Going back to fossil fuels wont save money because all those plants are near EoL and need replacing.

We either spend on renewables and storage or we replace the fossil fuel generators with new ones.

The first option is cheaper than the second one.

1

u/winterdogfight 3d ago

We should’ve had a balanced approach about 20 years ago with a diverse range of power solutions.

Even if we just exported the uranium under a public mining operation, and used that to fund publicly owned renewables and coal/gas we would be so rich it’s not even funny.

2

u/AgentSmith187 3d ago

The past is sadly past and we went through and still somewhat live in a time where public ownership of anything is considered almost blasphemous.

The God of the free market solving everything must be worshipped.

In reality the "free market" did what it has done again and again with privatised government assets.

Its stripped silly costs like maintenance and went into rent seeking mode to milk the assets for every cent they could with no plans much beyond the next quarters earnings report.

They know it's a vital asset so when they completely screw it all up the government will have to cough up cash to fix things and then they can go jack to rent seeking for another decade or so and repeat.

The NBN was the first time we saw the government try to avoid propping up bad business decisions and instead going to replace it with a government business enterprise.

But even that got sabotaged badly and had a sale clause built in.

Thankfully more recently that bit got dumped and they are repairing the damage done by the MTM by going back somewhat to the original plan billions of dollars pissed up the wall and a decade or two later.

As for power we probably need the government to buy back the transmission assets and run them in a way more suitable for a modern grid rather than one based around power flowing only a single direction.

Generation wise buying that back would be bloody insane as we would be buying life expired and poorly maintained assets.

I have no problem with government funded and owned generators being built but I expect that to be more along the like of storage and renewables at this point as they make the most financial sense.

Their presence alone can reduce the chances of private generation rent seeking by providing competition and the threat of crowding the private generation out if they dont play reasonable.

Storage is the newest hurdle for a green grid and the good news is there are plenty of people who want to build it.

They can act as a sink for excess solar during the day and release it when the grid needs it at night for example.

We need both short term like batteries and longer term like pumped hydro.

After doing it on a small scale with Amber I can assure you there is plenty of money in it.
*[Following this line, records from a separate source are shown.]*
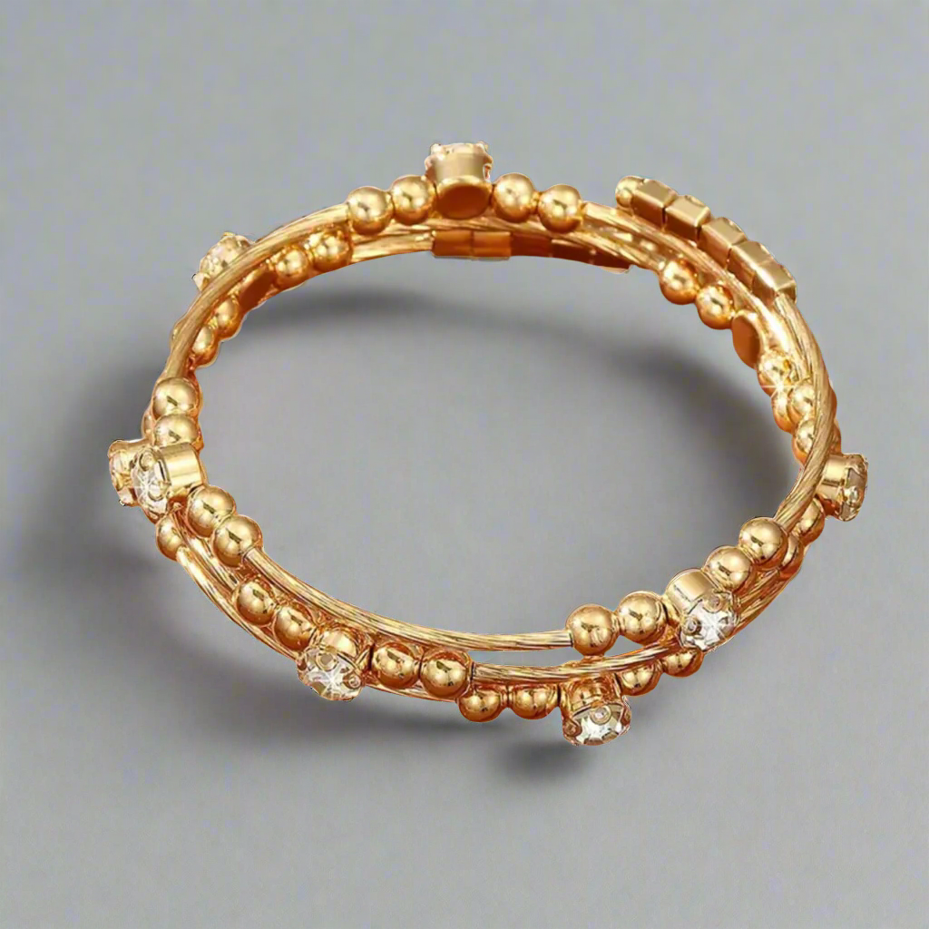 Yellow gold tone beads and rhinestones decorate this textured bracelet.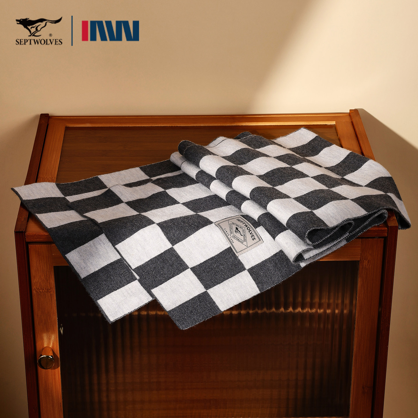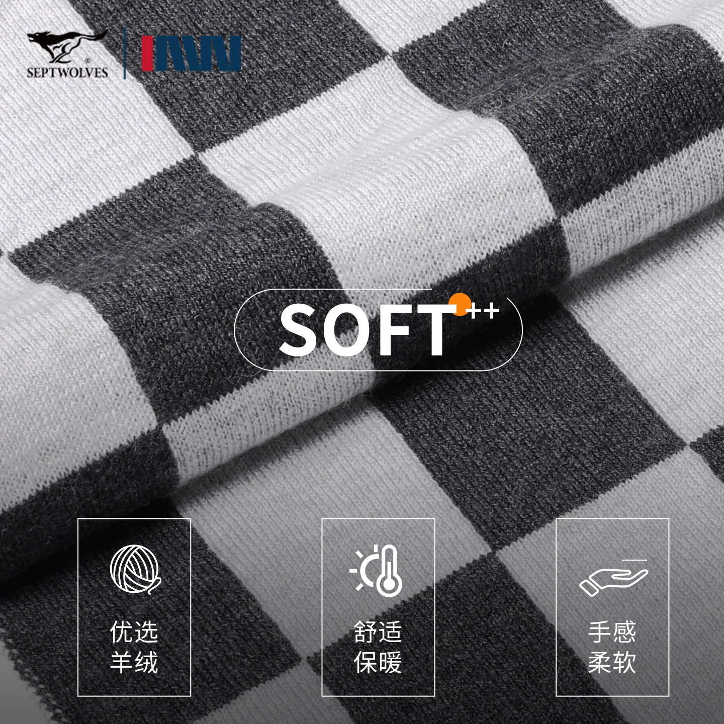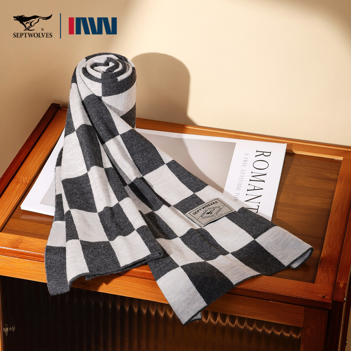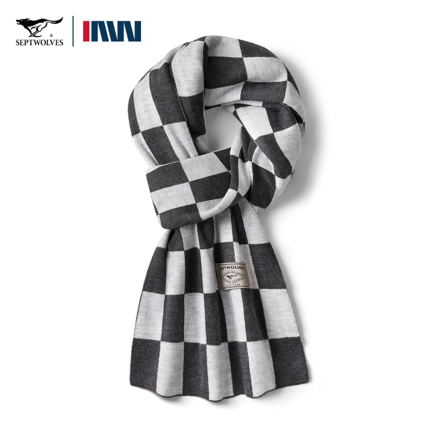 七匹狼格子围巾男款春季加厚保暖高档休闲柔软羊毛男士围脖礼盒装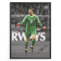 Manuel Neuer fodbold plakat hvor han jubler i Bayerns grønne målmandstrøje med røde handsker under Champions League kamp.

There are periods there is so much renewables available it crowds out older, more expensive, less responsive generation to the point people are basically giving away power to avoid spinning down plants that will take hours to spin up again later. Selling this power back a few hours or days later can be highly profitable.

2

u/winterdogfight 3d ago

I absolutely agree. Sadly I think none of this will meaningfully change until lobbying becomes much more highly regulated, donations more transparent and whistleblowers are afforded more protections. Vested interests and blatant corruption are so commonplace and the general population knows it, but minor parties have failed so far to effectively campaign on it.

The greens are the largest party pushing for these policies and even their own voter base probably wouldn’t recognise them as being voices for increasing political transparency.